Quick Reference Table
Neuropharmacology Principles — At a Glance
| Concept | Key Point | Board-Yield Detail |
|---|---|---|
| Ionotropic receptors | Fast, ligand-gated ion channels | Nicotinic, NMDA, AMPA, GABA-A, 5-HT3, glycine |
| Metabotropic receptors | Slow, G-protein coupled | Muscarinic, GABA-B, dopamine, most 5-HT subtypes, adrenergic |
| CYP3A4 | Most important CYP; metabolizes most drugs | Induced by CBZ/PHT/PB; inhibited by grapefruit, azoles, macrolides |
| CYP2D6 | TCAs, SSRIs, codeine | Not inducible; inhibited by fluoxetine, paroxetine |
| Phenytoin kinetics | Zero-order at therapeutic doses | Small dose ↑ → disproportionate level ↑; correct for albumin |
| Protein binding | Phenytoin ~90% bound | Corrected PHT = measured / (0.2 × albumin + 0.1) |
| BBB crossing | Lipophilic, small, uncharged | L-DOPA crosses (transporter); dopamine does not |
| P-glycoprotein | Efflux pump at BBB | Keeps loperamide out of CNS; inhibitors can cause toxicity |
| Steady state | 5 half-lives | Loading dose achieves target immediately; does not change time to steady state |
| VPA + LTG | VPA doubles LTG levels | Halve LTG dose; SJS risk with rapid titration |
| CBZ + OCPs | CBZ induces CYP3A4 | Contraceptive failure; use IUD or depot |
| CBZ autoinduction | Induces own CYP3A4 metabolism | Levels fall over 3–5 weeks; may need dose increase |
| Enzyme-neutral AEDs | LEV, LCM, GBP, PGB, BRV | Preferred when drug interactions are a concern |
| SSRI + MAOI | Serotonin syndrome | 5-week washout for fluoxetine (long t1/2 of norfluoxetine) |
| Dialyzable drugs | Low Vd, low protein binding | Lithium, valproate, phenobarbital; phenytoin is NOT dialyzable |
| CYP2D6 polymorphisms | Genetic, not inducible | Poor metabolizers: TCA toxicity; ultra-rapid: codeine → morphine overdose |
| CNS antibiotic penetration | Lipophilic agents cross best | Metronidazole, TMP-SMX, chloramphenicol cross well; aminoglycosides do not |
| Meningeal inflammation | Disrupts BBB → ↑ drug entry | Penicillins/cephalosporins reach CNS only with inflamed meninges |
| Gs / Gi / Gq | Three major G-protein families | Gs: ↑ cAMP (D1, β); Gi: ↓ cAMP (D2, M2, α2); Gq: IP3/Ca2+ (M1, α1, 5-HT2) |
References
- Bhatt A. Ultimate Review for the Neurology Boards. 3rd ed. Demos Medical; 2016.

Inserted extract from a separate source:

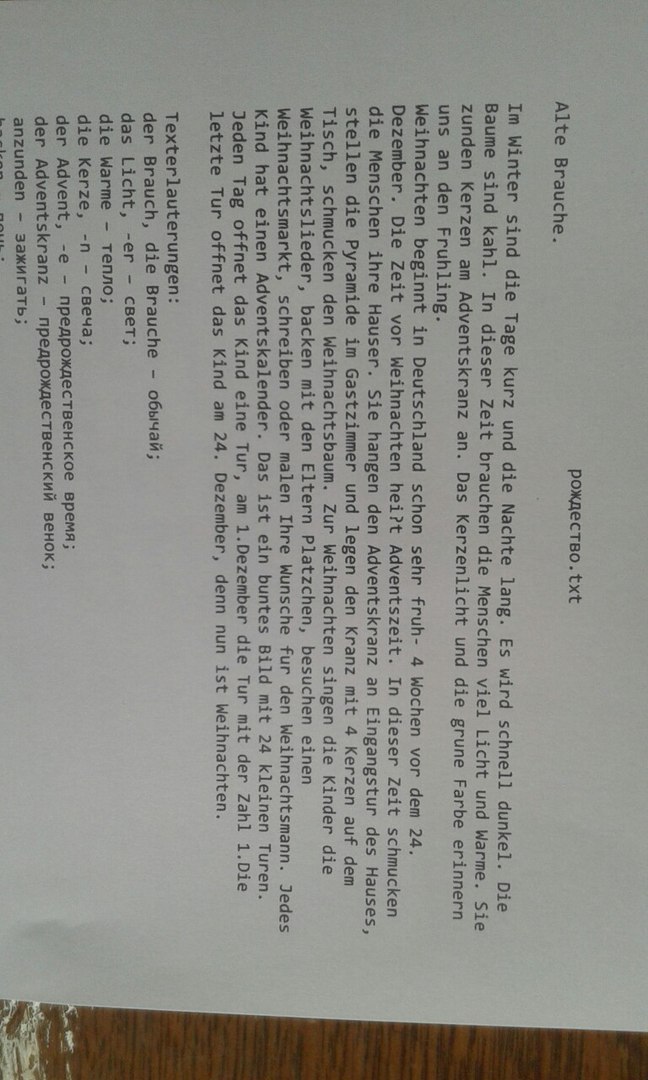 Рождество в Германии начинается довольно рано -- за 4 недели до 24 декабря. Время перед рождеством называется предрождественским временем. В это время люди украшают свои дома. Они вешают рождественские венки на входные двери домов,ставят пирамиду в гостиной и кладут венок с четырьмя свечами на стол,украшают рождественскую ель. К Рождеству дети поют рождественские песенки,пекут с родителями коврижки,ходят на рождественские рынки,пишут или рисуют свои желания для Деда Мороза. У каждого ребёнка есть свой рождественский календарь. Это пёстрая картина с 24 маленькими дверцами. Каждый день ребёнок открывает одну дверцу,первую -- первого декабря. Последнюю дверцу ребёнок открывает 24 декабря,в день Рождества.

- Patsalos PN, et al. Antiepileptic drugs — best practice guidelines for therapeutic drug monitoring. Epilepsia. 2008;49(7):1239–1276.
- Perucca E. Clinically relevant drug interactions with antiepileptic drugs. Br J Clin Pharmacol. 2006;61(3):246–255.
- Ropper AH, Samuels MA, Klein JP, Prasad S. Adams and Victor’s Principles of Neurology. 12th ed. McGraw-Hill; 2023.
- Brunton LL, Hilal-Dandan R, Knollmann BC. Goodman & Gilman’s: The Pharmacological Basis of Therapeutics. 14th ed. McGraw-Hill; 2023.